Nature, Vol.586, No.7831, 697-701, 2020
The Philae lander reveals low-strength primitive ice inside cometary boulders
On 12 November 2014, the Philae lander descended towards comet 67P/ChuryumovGerasimenko, bounced twice off the surface, then arrived under an overhanging cliff in the Abydos region. The landing process provided insights into the properties of a cometary nucleus(1-3). Here we report an investigation of the previously undiscovered site of the second touchdown, where Philae spent almost two minutes of its cross-comet journey, producing four distinct surface contacts on two adjoining cometary boulders.
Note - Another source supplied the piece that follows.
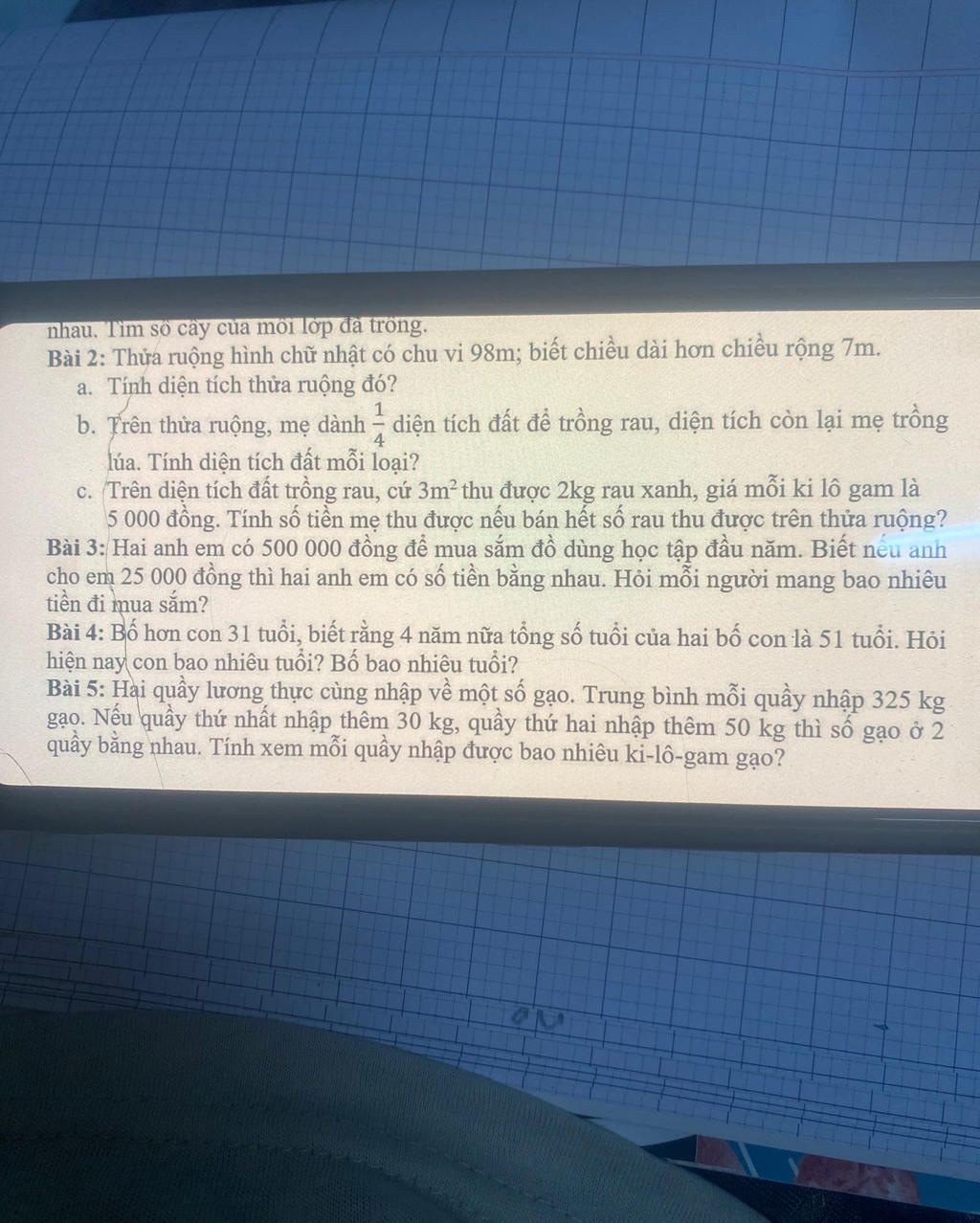 Đáp số: a. 588 m2m2 b. Rau: 147 m2m2; Lúa: 441 m2m2 c. 490 000 đồng

It exposed primitive water ice-that is, water ice from the time of the comet's formation 4.5 billion years ago-in their interiors while travelling through a crevice between the boulders. Our multi-instrument observations made 19 months later found that this water ice, mixed with ubiquitous dark organic-rich material, has a local dust/ice mass ratio of 2.3(-0.16)(+0.2), matching values previously observed in freshly exposed water ice from outbursts4 and water ice in shadow(5,6). At the end of the crevice, Philae made a 0.25-metre-deep impression in the boulder ice, providing in situ measurements confirming that primitive ice has a very low compressive strength (less than 12 pascals, softer than freshly fallen light snow) and allowing a key estimation to be made of the porosity (75 +/- 7 per cent) of the boulders' icy interiors. Our results provide constraints for cometary landers seeking access to a volatile-rich ice sample.